Many nursing and residential care establishments will have infection control guidelines. These may be locally agreed and written with the expertise of the community infection control nurse (CICN) and the consultant in communicable disease control (CCDC) or national guidelines (Department of Health, 1996) adapted for local use.

The guidelines are often used as reference documents. Care staff require regular updates and training in infection control practice and procedure to make the documents come to life and become applicable to everyday practice. Training resources to support the guidelines is sadly lacking in many care establishments. This training pack will be a useful resource for those becoming involved in training in nursing and residential care establishments.

This training resource is published by EA Publications in conjunction with the Infection Control Nurses' Association. The authors are specialist community infection control nurse advisers with a wealth of experience in community care settings. This is reflected in the information provided.

The pack is produced in a A4-sized ringbinder incorporating overhead transparencies. The acetates are also produced in hard copy 'story board' format for those homes without overhead projection facilities.

The pack is intended for use by senior staff (trainers, matrons and infection control link workers) in residential and nursing care establishments. Community infection control nurses will also find this resource useful when providing training in nursing and residential home settings or running infection control link worker courses.

The pack comprises six sections: risk factors for infection, basic microbiology and spread of infection, basic infection control practices, common and important infections and their management, organisation and management issues and statutory requirements and standards.

There is also a comprehensive further reading section referencing relevant legislation and reports.

With material for approximately eight hours' training, sections can be delivered individually or as a complete course to suite the needs and time resource of the care establishment.

The training notes accompanying each section are short, highlighting important points only.

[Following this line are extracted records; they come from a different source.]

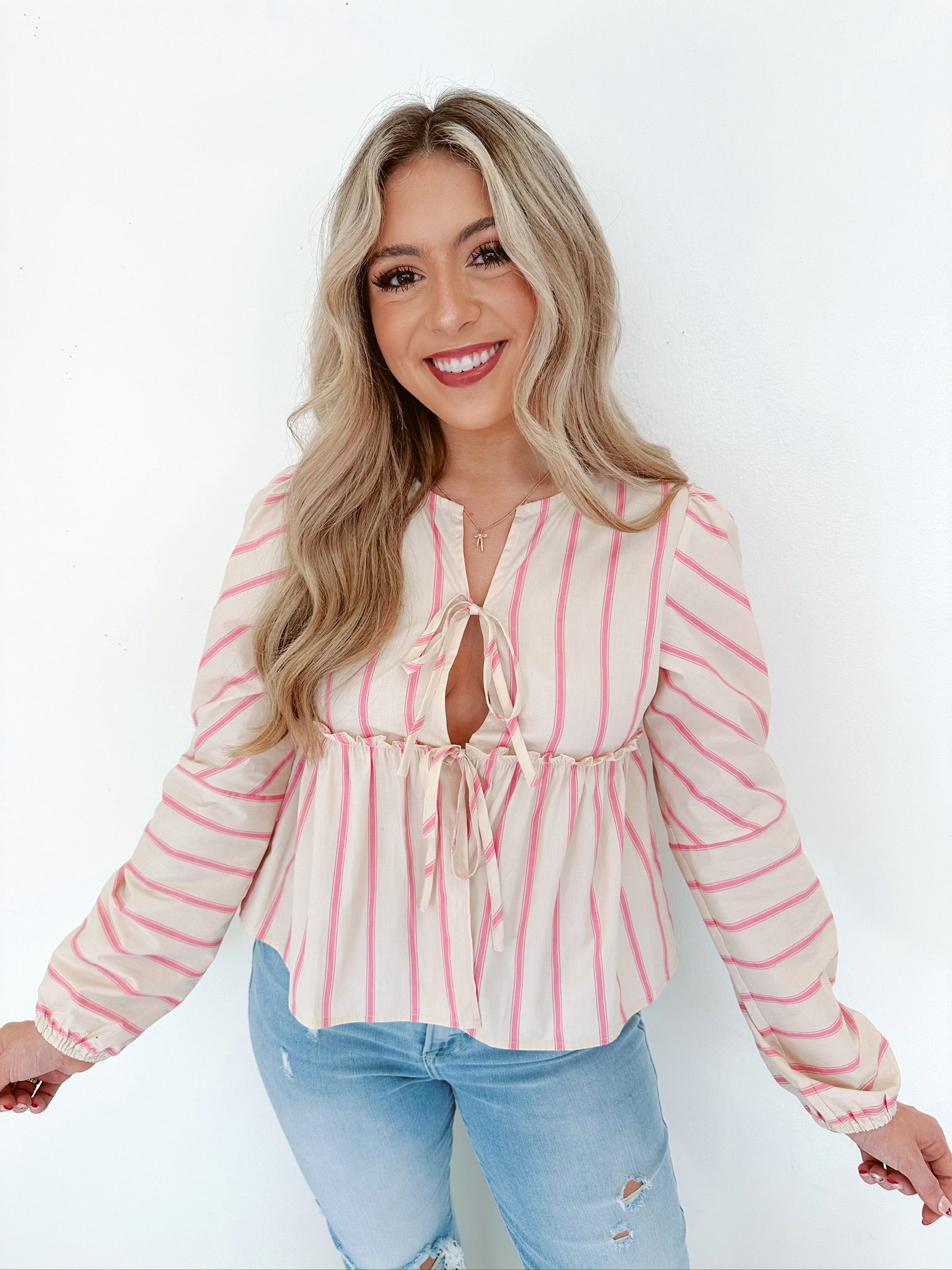 Stand Out Striped Bow Front Crop Top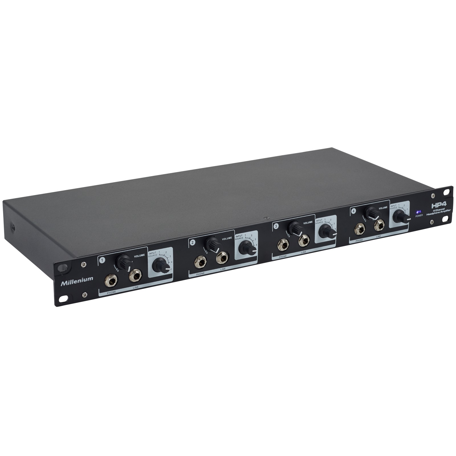 Dans un project-studio ou un home studio, un amplificateur casque tel que le Millenium HP4 est indispensable pour fournir des retours fiables aux musiciens. De plus en plus de groupes utilisent aujourd’hui des casques de monitoring – principalement des modèles intra-auriculaires – lors de concerts. Le HP4 convient parfaitement à ces situations. Conçu pour être installé en rack, à proximité de la console ou de l’interface audio, il reçoit les signaux via des câbles courts, réduisant ainsi interférences et bruit de fond. Chaque canal peut être utilisé en mono ou en stéréo selon les besoins, la prise jack « L » servant classiquement d’entrée mono.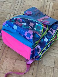 Zaino scuola bambina Seven con doppio scomparto, tasca superiore e tasca inferiore, zip di espansione e tasca a scomparsa per ombrello. Condizioni più che buone.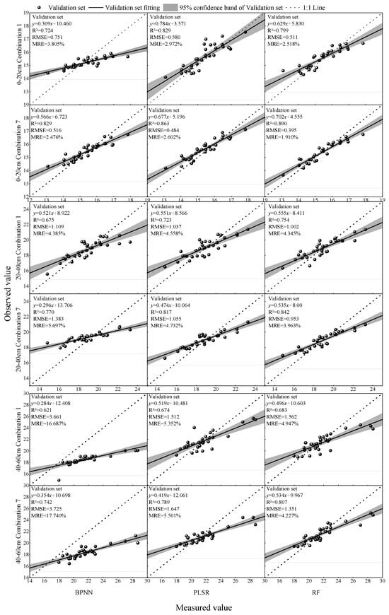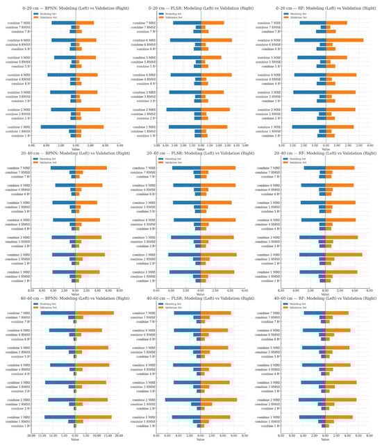 Based on the significant correlations identified above, we assembled different model input combinations from (i) texture features, (ii) two-dimensional texture indices, and (iii) three-dimensional texture indices, and constructed SMC estimation models at three depths using RF, PLSR, and BPNN. Combination 1 comprised significantly correlated texture features; Combination 2, significantly correlated 2-D texture indices; Combination 3, significantly correlated 3-D texture indices; Combination 4, the union of Combinations 1 and 2; Combination 5, the union of Combinations 1 and 3; Combination 6, the union of Combinations 2 and 3; and Combination 7, the union of Combinations 1–3. Modeling results are shown in Figure 4 and Figure 5, which are based on Figure 5’s highlights, the “classical” input (Combination 1) and the best-performing fused input (Combination 7).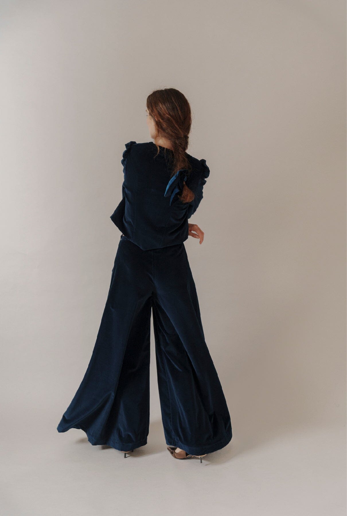 Pantalón ancho de terciopelo, talle medio y cierre con cremallera invisible lateral.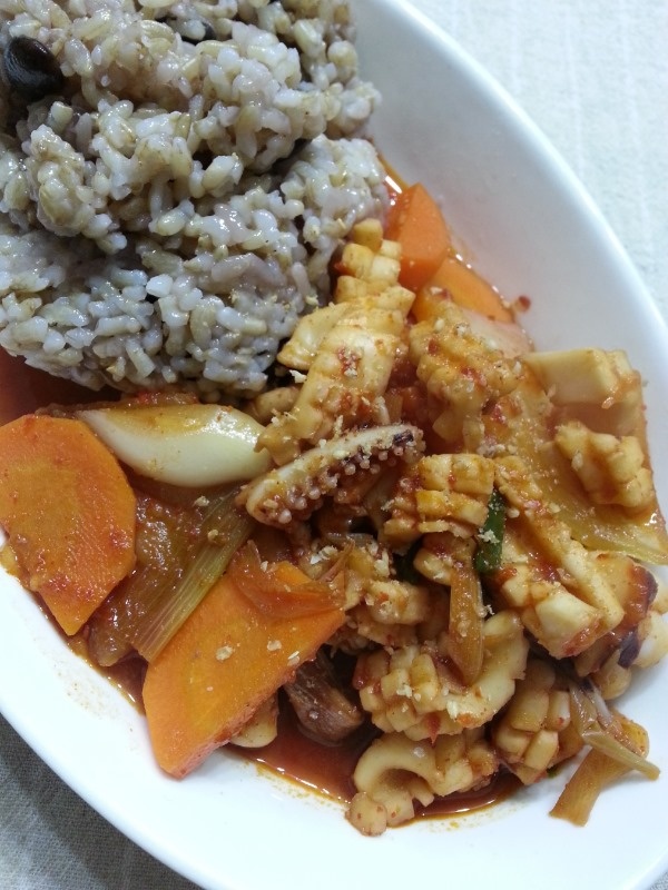 Akhirnya saya bisa memasak di rumah setelah sekian lama! Berkat suami yang biasanya makan di kantor, saya jarang punya kesempatan memasak akhir-akhir ini. Karena nasi di rumah habis, saya memutuskan untuk menguras isi kulkas dan membuat tumis cumi. Awalnya saya mencoba mengikuti resep Baek Jong-won, tapi karena isi kulkas saya kurang memadai, saya akhirnya mengubahnya sesuai selera saya. Meskipun ada modifikasi, hasilnya sangat sukses dan lezat! Cumi yang empuk dengan ukiran, sayuran renyah, dan saus manis pedas yang seimbang sempurna menjadikannya pendamping nasi yang ideal. Rasanya begitu enak, saya sampai ketahuan mencuri-curi makan selagi memasak!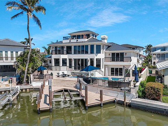 HUGE PRICE IMPROVEMENT. Ultra wide bay views unlike any other home, a sky-high waterfront fortress with 360° views, boat dock, pool, and southern exposure. Prepare to be captivated by this one-of-a-kind vertical masterpiece—a multi-story waterfront fortress in Naples that redefines luxury coastal living. With each level offering a unique experience, this architectural gem is designed for those who crave views, space, and unforgettable moments. From the moment you arrive, the circle driveway welcomes you with ease and elegance. Step inside to discover a custom-designed residence overflowing with natural light, dramatic floor-to-ceiling windows, and exquisite finishes throughout. Nearly every room showcases magnificent bay views, and the much-desired southern rear exposure ensures all-day sun and post-worthy sunsets from your pool deck. The ground level features a versatile family/recreation room with a full bathroom—ideal for guests, a gym, or game nights—that opens directly to the sun-soaked pool deck and private boat dock. Boating enthusiasts will love the direct Gulf access, updated pilings, and electric lift accommodating up to a 10,000 lb boat. The beautifully designed pool, surrounded by stunning travertine pavers, invites relaxation amid tranquil Gulf breezes. The second floor boasts the main living quarters with soaring ceilings, multiple dining areas, a custom wet bar with wine rack, and a show-stopping living room designed for effortless entertaining and everyday elegance. Stone pillars and travertine marble flooring elevate the ambiance, while expansive glass windows frame the surrounding water views. The third floor offers two spacious guest suites, each with private en-suite bathrooms and scenic water views for the ultimate in comfort and privacy. The fourth floor is home to the luxurious owner's retreat with skyline views, a skylight above the bed, a jetted tub, oversized walk-in shower with dual shower heads, and a generous walk-in closet. Also on this level is a private glass-enclosed home office, perfect for remote work or creative inspiration. The fifth floor, or “Crow’s Nest,” is a private 360-degree lookout accessed via a stunning spiral staircase. This entertainer’s dream space includes a large balcony offering panoramic vistas of Naples, the bay, and glimpses of the Gulf, ideal as a sky bar or relaxation lounge. This custom home includes 3 bedrooms and 4.5 bathrooms, a gourmet kitchen with quartz countertops, custom cabinetry, and stainless steel appliances. The backyard is fully fenced for privacy, and the layout offers space and comfort for everyone. This is not just a home—it’s a lifestyle. Schedule your private showing today.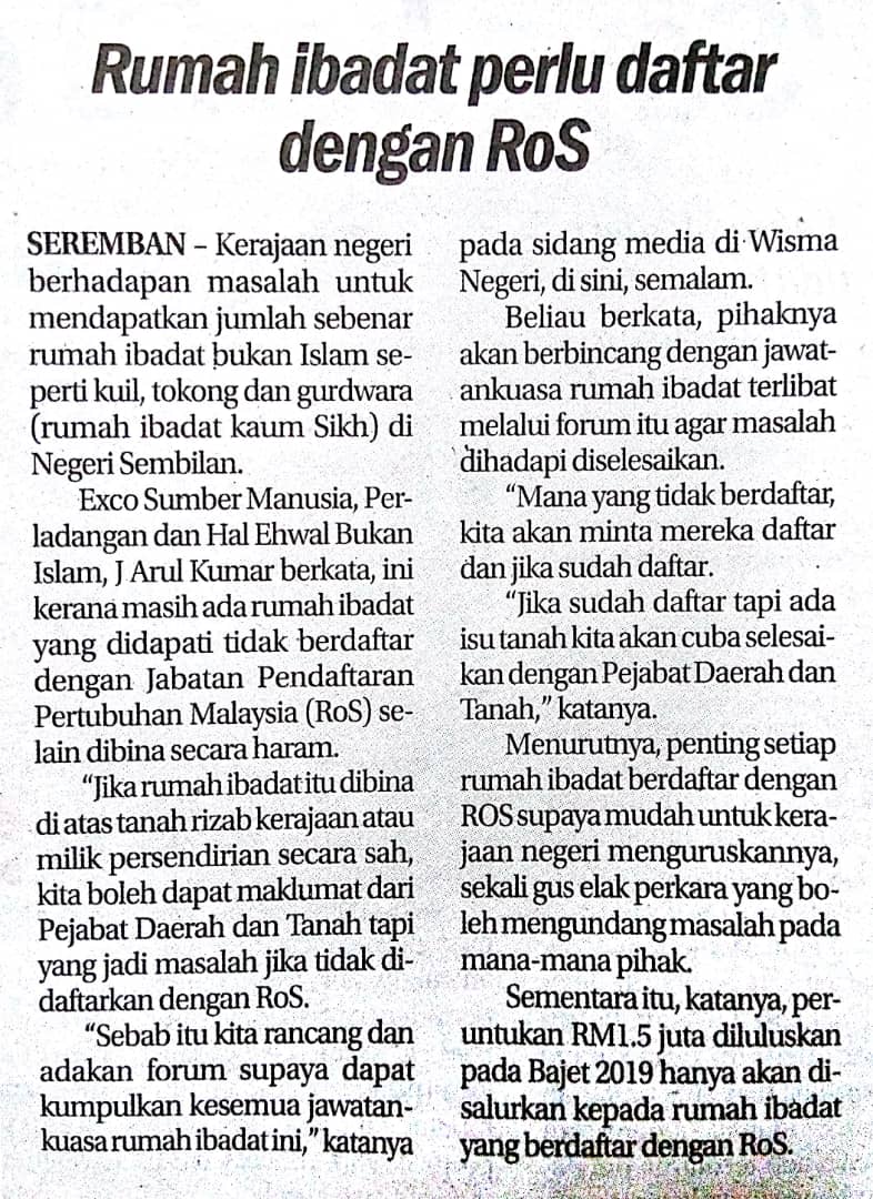 Tajuk :Rumah ibadat perlu daftar dengan RoS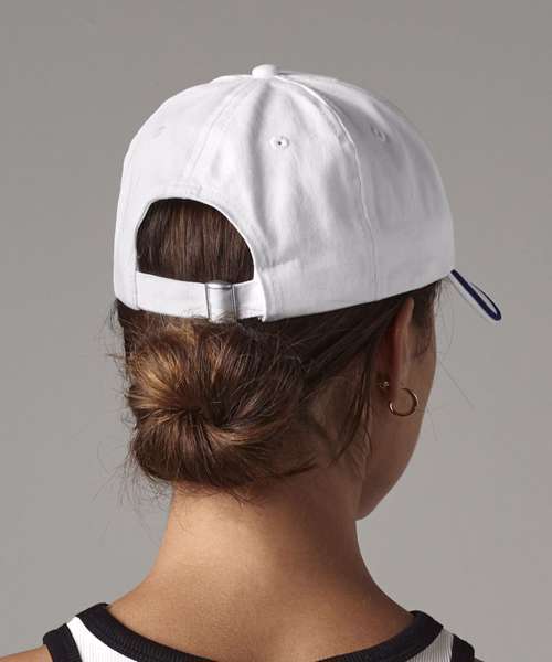 Structured front panel. 5-panel design. Pre-curved peak. Contrasting colour piped peak edge. Stitched ventilation eyelets. Self-fabric strap with tri-glide buckle.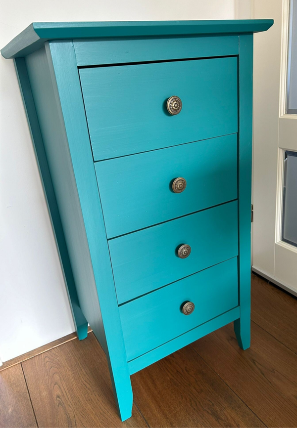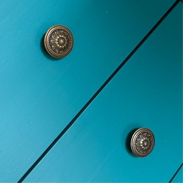Een lekker formaatje, redelijk strakke vormgeving, maar ooooh de kleur en de authentieke knoppen maken dit toch weer helemaal leuk! De kleur Renfrew Blue van Fusion Mineral Paint is hier gebruikt, wat zich als een lagune blauw het beste laat omschrijven. Uiteraard kan het niet anders dan dat de tijd zijn sporen heeft achter gelaten, maar dit is zeker niet storend. Functioneel is deze kanjer zeker nog!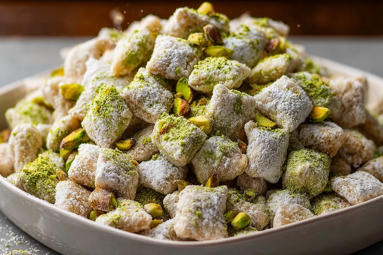 If you’re looking for a snack that’s both easy and irresistible, pistachio puppy chow is your answer. It’s quick to make, requiring just a handful of ingredients and minimal effort. The combination of creamy white chocolate, nutty pistachios, and crunchy cereal makes it a perfect treat for any occasion. Plus, it’s naturally gluten-free, making it a great option for those with dietary restrictions. Whether you’re preparing it for a family movie night or a festive gathering, this snack is sure to be a hit.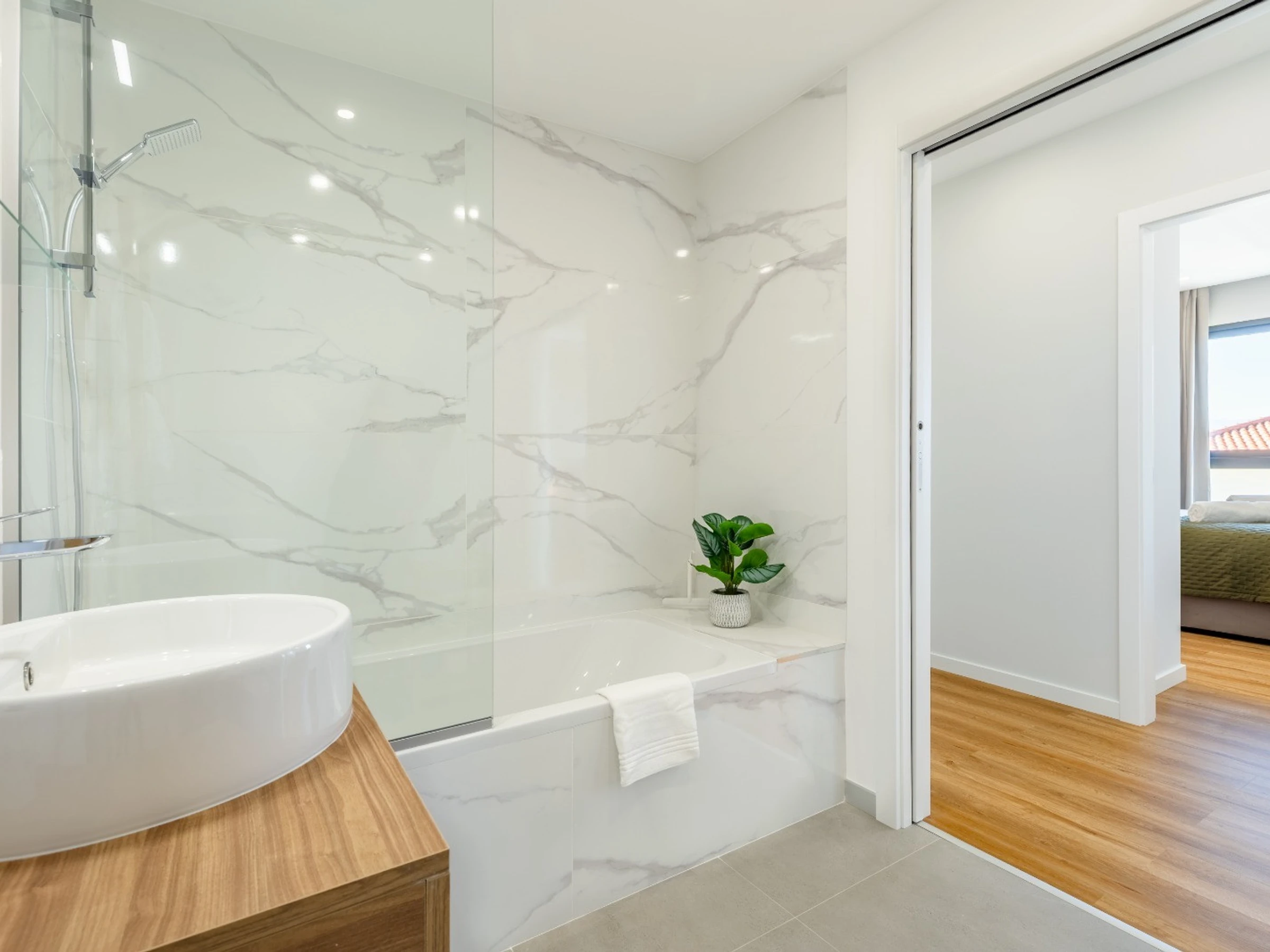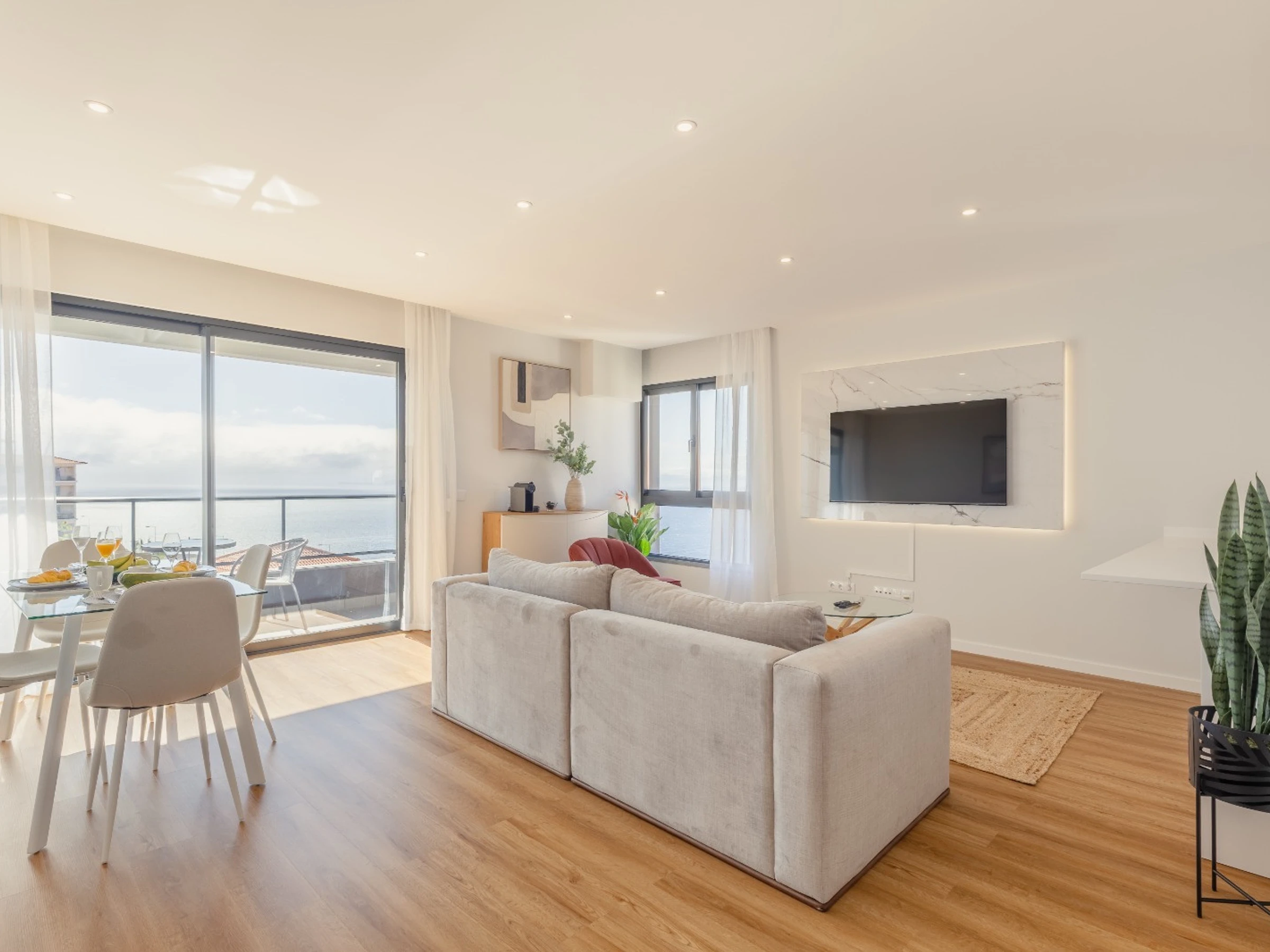 The living area includes a Smart TV with access to a box, and from the balcony you can enjoy wide views over the Atlantic Ocean. An elevator provides easy access to the apartment, and a private parking space is available in the garage.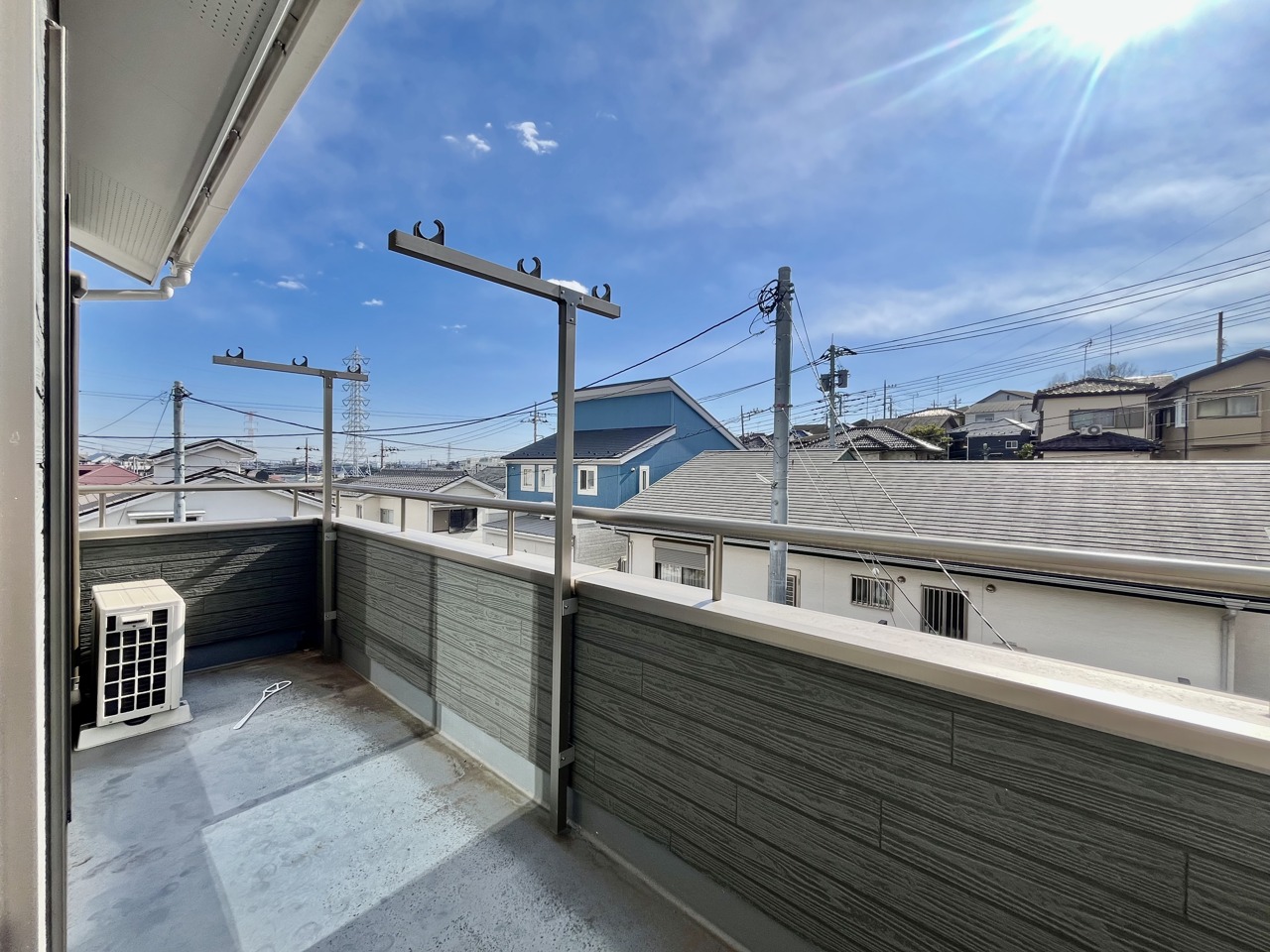 南側のお部屋から出入りできる、奥行きのあるワイドバルコニー。心地よい陽射しと暖かな風を楽しむことが出来ます。

The trainer will probably have to do some reading on the subject matter in order to be able to deliver the sections with confidence. The notes are on cards, each with a number corresponding to the transparency to be shown.

The transparencies are clear, colourful and entertaining with the use of caricatures to depict the messages to be conveyed. The revision sheets included in sections one to four can be a useful aide memoir for learners. The sheets could also be easily adapted and used in quiz format. If learners answer questions before and after the education session the responses can be compared and used as a measure of information retained. It will also provide an evaluation of the usefulness of the session for the trainer.

The handouts that support sections two, three and four can be photocopied and kept for future reference. They are clear and concise, although not particularly eye-catching. Included in section four are handouts on the management of specific infections. These sheets make reference to the recognition of an outbreak, the reporting mechanisms and the importance of adhering to local communicable disease and infection control policy.

There is no mention of regularly updating the pack in line with changes in practice and the evidence base, and so it is important to emphasise its use in conjunction with local and national infection control policy and guidelines.

In summary, this is a good infection control training resource for use in nursing and residential care home settings. It may be usefully employed as an infection control element in infection control link worker courses. There is also potential for utilising the pack for National Vocational Qualification courses, therefore making the information accessible to more learners.